> _WHAT TO WORK ON_:
Omit the images and return the remaining entries unchanged.

=====

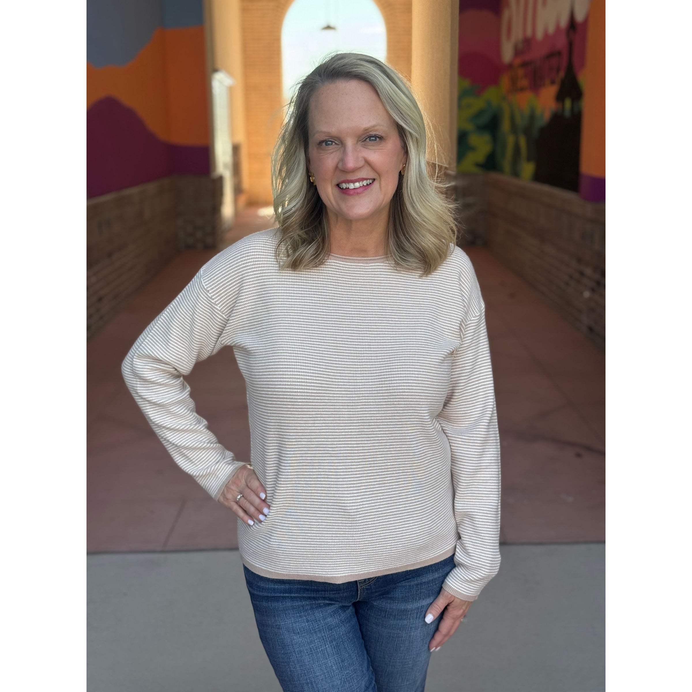Lillie Waffle Textured Pinstripe Long Sleeve Sweater - Taupe
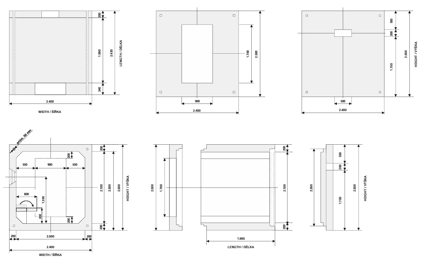 I. Dł. = 2 m, szer.*wys. = 2*2,1 m, całkowita szerokość*wysokość 2,4*2,5 m, grubość ścianki 0,2 m, waga 9,5 t.
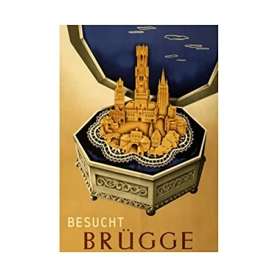 Wee Blue Coo Historic Belgium Visit Brugges Castle Music Box Picture Wall Art Print
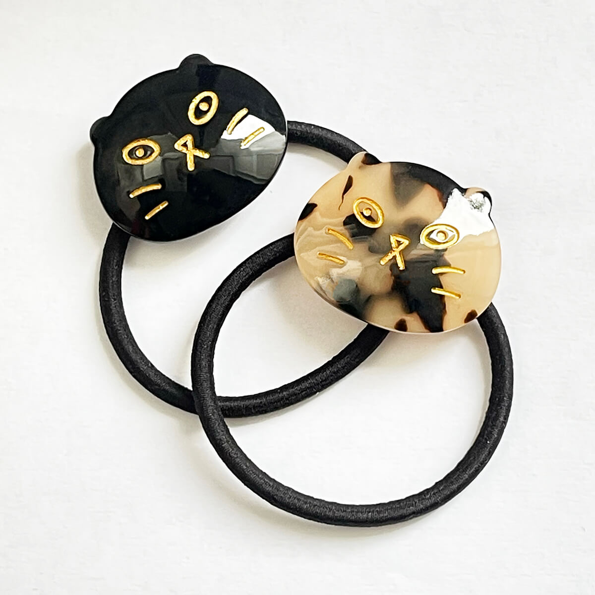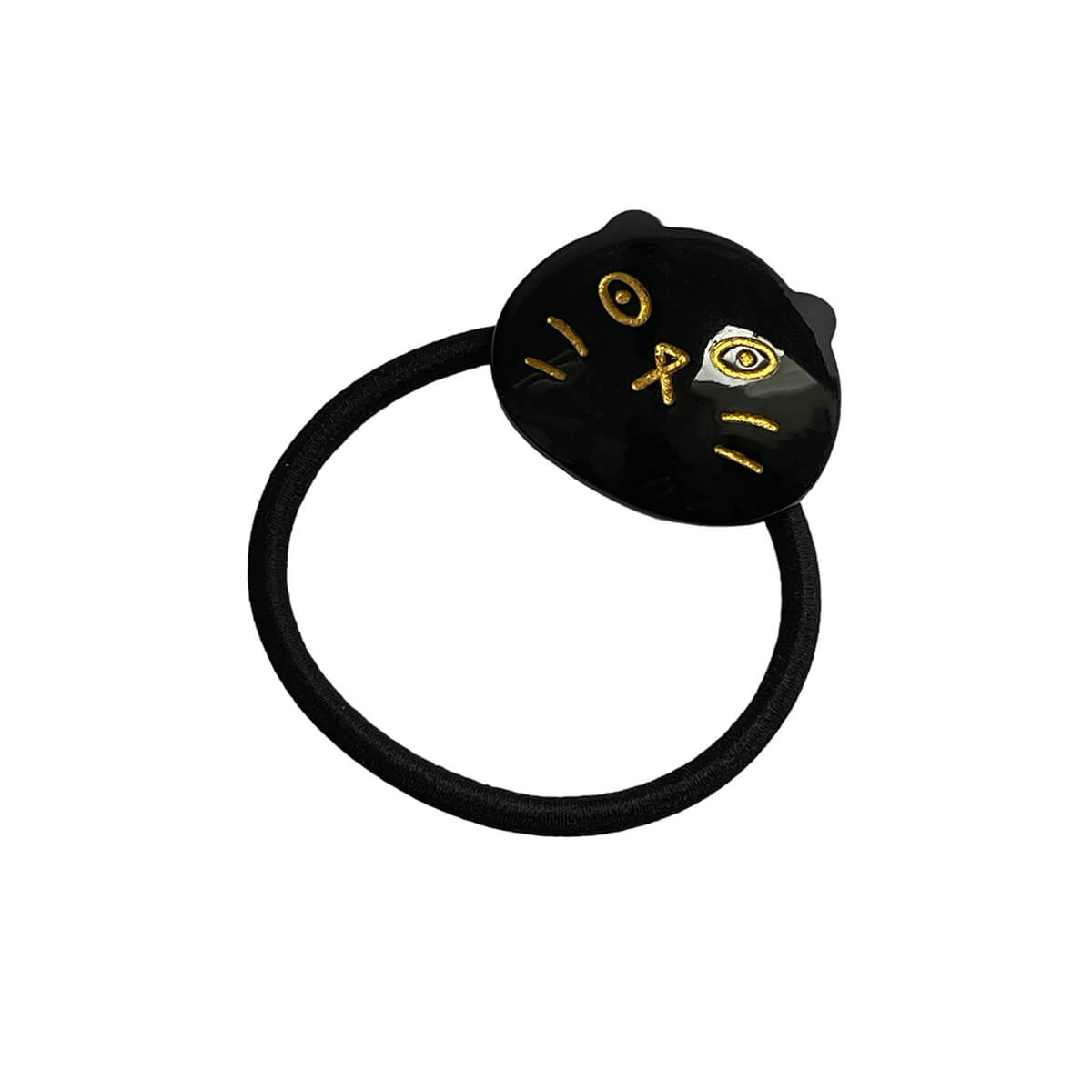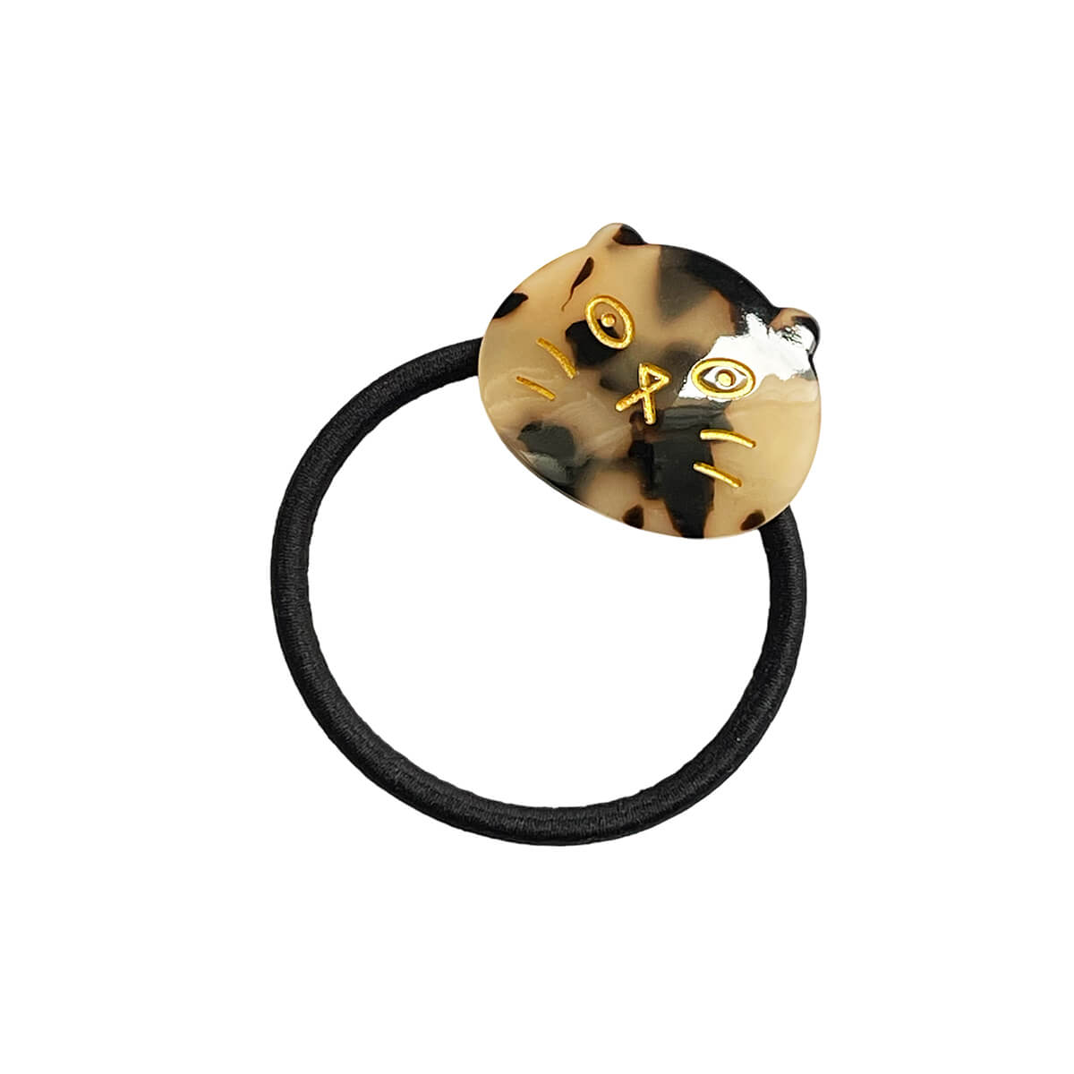 Kitty hair band by Hello Sakura. Full acetate pretty little cat hair bobble with gold details on a black satin covered hair elastic. Made from plant-based eco-friendly cellulose acetate.
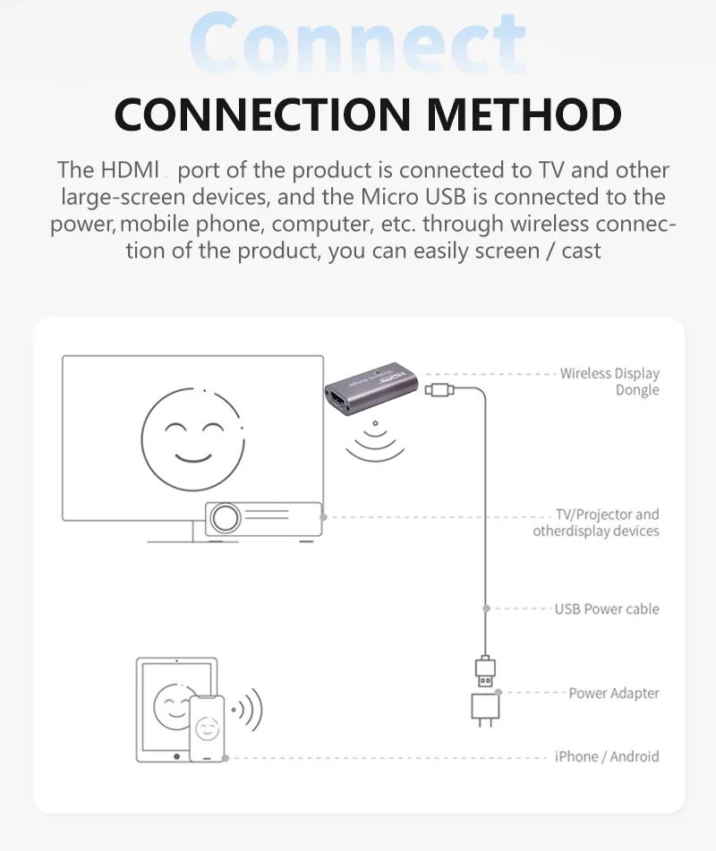 - Transmita contenido de forma inalámbrica desde un teléfono inteligente/tableta/portátil a un televisor/proyector o monitor de pantalla HDMI.
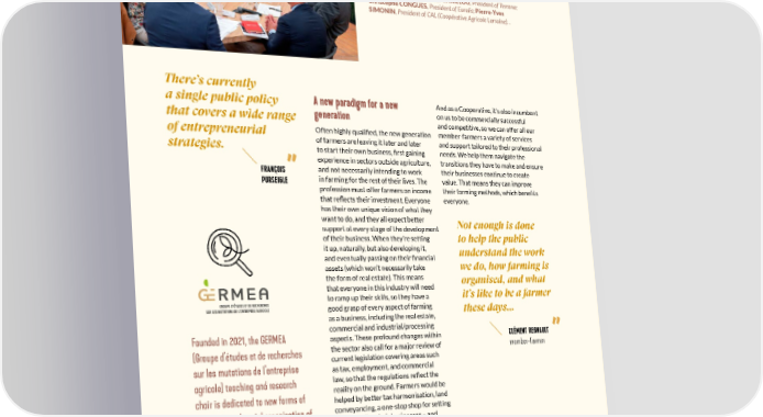 WHAT CONNECTS US ROUND TABLE 2: PUBLIC POLICIES AND THE ROLE OF COOPERATIVES IN SUPPORTING CHANGES TO AGRICULTURAL BUSINESS MODELS. With François PURSEIGLE, sociologist at Agro Toulouse INPENSAT and author of Une agriculture sans agriculteurs (“Agriculture Without Farmers”); Geneviève N’Guyen, agro- economist at Agro Toulouse INP-ENSAT; Frédéric Descrozaille, deputy of Val-de-Marne; Éric Girardin, deputy of Marne; Christoph Büren, President of VIVESCIA; Éric THIROUIN, President of the AGPB; Olivier CHAILLOU, President of Terrena; Christophe CONGUES, President of Euralis; Pierre-Yves SIMONIN, President of CAL (Coopérative Agricole Lorraine). . There’s currently a single public policy A new paradigm for a new And as a Cooperative, it’s also incumbent that covers a wide range generation on us to be commercially successful and competitive, so we can offer all our of entrepreneurial Often highly quali昀椀ed, the new generation member-farmers a variety of services strategies. of farmers are leaving it later and later and support tailored to their professional needs. We help them navigate the to start their own business, 昀椀rst gaining experience in sectors outside agriculture, transitions they have to make and ensure FRANÇOIS and not necessarily intending to work their businesses continue to create PURSEIGLE in farming for the rest of their lives. The value. That means they can improve profession must offer farmers an income their farming methods, which bene昀椀ts everyone. that re昀氀ects their investment. Everyone has their own unique vision of what they want to do, and they all expect better Not enough is done support at every stage of the development of their business. When they’re setting to help the public it up, naturally, but also developing it, understand the work and eventually passing on their 昀椀nancial assets (which won’t necessarily take we do, how farming is the form of real estate). This means organised, and what that everyone in this industry will need it’s like to be a farmer to ramp up their skills, so they have a good grasp of every aspect of farming these days... as a business, including the real estate, commercial and industrial/processing Founded in 2021, the GERMEA aspects. These profound changes within CLÉMENT REGNAULT (Groupe d’études et de recherches the sector also call for a major review of member-farmer sur les mutations de l’entreprise current legislation covering areas such as tax, employment, and commercial agricole) teaching and research law, so that the regulations re昀氀ect the chair is dedicated to new forms of reality on the ground. Farmers would be helped by better tax harmonisation, land economic and social organisation of conveyancing, a one-stop shop for setting agricultural production. With support up and selling their businesses – and these are things that the government will SCAN THE QR CODE TO SEE VIDEO OF 4 from federal university Toulouse have to explore going forward. Another SEPTEMBERAND THE 2 ROUND TABLES Midi-Pyrénées, it is coordinated by challenge is learning to communicate more effectively about what farmers Toulouse INP-ENSAT and sponsored are already doing in response to the by three cooperatives: VIVESCIA, many directives in areas such as food sovereignty, biodiversity preservation, EURALIS, and TERRENA. and carbon footprint reduction. 22
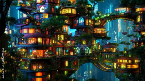 Fototapeta premium Innovative digital payments event showcasing fintech solutions for financial inclusion in a futuristic cityscape
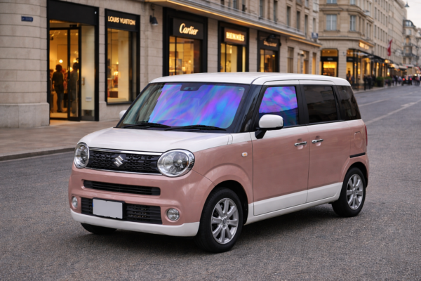 🚗 スズキ ワゴンRスマイル MX81S(R3,9〜)専用設計のシャインゴーストは、運転席・助手席ガラスにぴったりフィットするカット済み仕様。ワゴンRスマイル MX81Sの丸みあるデザインを崩さず、自然な装着イメージを再現できる構成です。🌈 シャインゴースト特有の紫〜ブルー系オーロラ発色が光の角度で変化し、ワゴンRスマイル MX81Sのフロントフェイスに上質な個性をプラスします。☀️ 日中でも透明感を維持しながら色味が浮かび上がるため、視界を確保しつつドレスアップを楽しめるのが特徴です。🛠️ 車種専用カットにより、ガラスラインに沿った自然な仕上がりを想定。純正イメージを大きく損なわず、ワゴンRスマイル MX81Sにさりげない存在感を与えます。✨ ワゴンRスマイル MX81Sへシャインゴーストを施工することで、日常使いの軽自動車でもワンランク上のフロント演出が可能になります。
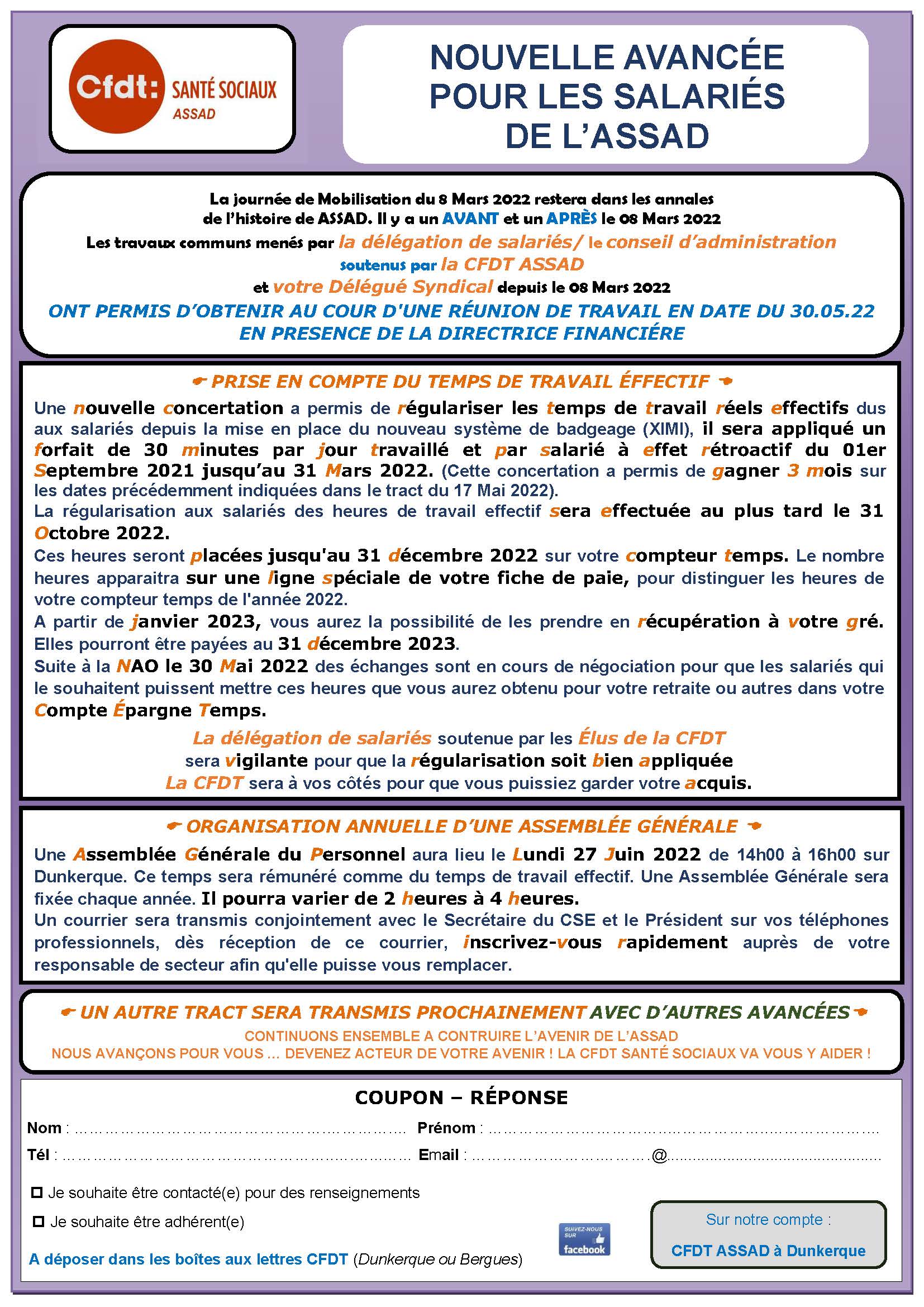 Les travaux communs menés par la délégation de salariés/le conseil d’administration soutenus par la CFDT ASSAD et votre Délégué Syndical depuis le 08 mars 2022 ONT PERMIS D’OBTENIR

=====

> _EXERCISE RESULT_:
Lillie Waffle Textured Pinstripe Long Sleeve Sweater - Taupe
 I. Dł. = 2 m, szer.*wys. = 2*2,1 m, całkowita szerokość*wysokość 2,4*2,5 m, grubość ścianki 0,2 m, waga 9,5 t.
 Wee Blue Coo Historic Belgium Visit Brugges Castle Music Box Picture Wall Art Print
 Kitty hair band by Hello Sakura. Full acetate pretty little cat hair bobble with gold details on a black satin covered hair elastic. Made from plant-based eco-friendly cellulose acetate.
 - Transmita contenido de forma inalámbrica desde un teléfono inteligente/tableta/portátil a un televisor/proyector o monitor de pantalla HDMI.
 WHAT CONNECTS US ROUND TABLE 2: PUBLIC POLICIES AND THE ROLE OF COOPERATIVES IN SUPPORTING CHANGES TO AGRICULTURAL BUSINESS MODELS. With François PURSEIGLE, sociologist at Agro Toulouse INPENSAT and author of Une agriculture sans agriculteurs (“Agriculture Without Farmers”); Geneviève N’Guyen, agro- economist at Agro Toulouse INP-ENSAT; Frédéric Descrozaille, deputy of Val-de-Marne; Éric Girardin, deputy of Marne; Christoph Büren, President of VIVESCIA; Éric THIROUIN, President of the AGPB; Olivier CHAILLOU, President of Terrena; Christophe CONGUES, President of Euralis; Pierre-Yves SIMONIN, President of CAL (Coopérative Agricole Lorraine). . There’s currently a single public policy A new paradigm for a new And as a Cooperative, it’s also incumbent that covers a wide range generation on us to be commercially successful and competitive, so we can offer all our of entrepreneurial Often highly quali昀椀ed, the new generation member-farmers a variety of services strategies. of farmers are leaving it later and later and support tailored to their professional needs. We help them navigate the to start their own business, 昀椀rst gaining experience in sectors outside agriculture, transitions they have to make and ensure FRANÇOIS and not necessarily intending to work their businesses continue to create PURSEIGLE in farming for the rest of their lives. The value. That means they can improve profession must offer farmers an income their farming methods, which bene昀椀ts everyone. that re昀氀ects their investment. Everyone has their own unique vision of what they want to do, and they all expect better Not enough is done support at every stage of the development of their business. When they’re setting to help the public it up, naturally, but also developing it, understand the work and eventually passing on their 昀椀nancial assets (which won’t necessarily take we do, how farming is the form of real estate). This means organised, and what that everyone in this industry will need it’s like to be a farmer to ramp up their skills, so they have a good grasp of every aspect of farming these days... as a business, including the real estate, commercial and industrial/processing Founded in 2021, the GERMEA aspects. These profound changes within CLÉMENT REGNAULT (Groupe d’études et de recherches the sector also call for a major review of member-farmer sur les mutations de l’entreprise current legislation covering areas such as tax, employment, and commercial agricole) teaching and research law, so that the regulations re昀氀ect the chair is dedicated to new forms of reality on the ground. Farmers would be helped by better tax harmonisation, land economic and social organisation of conveyancing, a one-stop shop for setting agricultural production. With support up and selling their businesses – and these are things that the government will SCAN THE QR CODE TO SEE VIDEO OF 4 from federal university Toulouse have to explore going forward. Another SEPTEMBERAND THE 2 ROUND TABLES Midi-Pyrénées, it is coordinated by challenge is learning to communicate more effectively about what farmers Toulouse INP-ENSAT and sponsored are already doing in response to the by three cooperatives: VIVESCIA, many directives in areas such as food sovereignty, biodiversity preservation, EURALIS, and TERRENA. and carbon footprint reduction. 22
 Fototapeta premium Innovative digital payments event showcasing fintech solutions for financial inclusion in a futuristic cityscape
 🚗 スズキ ワゴンRスマイル MX81S(R3,9〜)専用設計のシャインゴーストは、運転席・助手席ガラスにぴったりフィットするカット済み仕様。ワゴンRスマイル MX81Sの丸みあるデザインを崩さず、自然な装着イメージを再現できる構成です。🌈 シャインゴースト特有の紫〜ブルー系オーロラ発色が光の角度で変化し、ワゴンRスマイル MX81Sのフロントフェイスに上質な個性をプラスします。☀️ 日中でも透明感を維持しながら色味が浮かび上がるため、視界を確保しつつドレスアップを楽しめるのが特徴です。🛠️ 車種専用カットにより、ガラスラインに沿った自然な仕上がりを想定。純正イメージを大きく損なわず、ワゴンRスマイル MX81Sにさりげない存在感を与えます。✨ ワゴンRスマイル MX81Sへシャインゴーストを施工することで、日常使いの軽自動車でもワンランク上のフロント演出が可能になります。
 Les travaux communs menés par la délégation de salariés/le conseil d’administration soutenus par la CFDT ASSAD et votre Délégué Syndical depuis le 08 mars 2022 ONT PERMIS D’OBTENIR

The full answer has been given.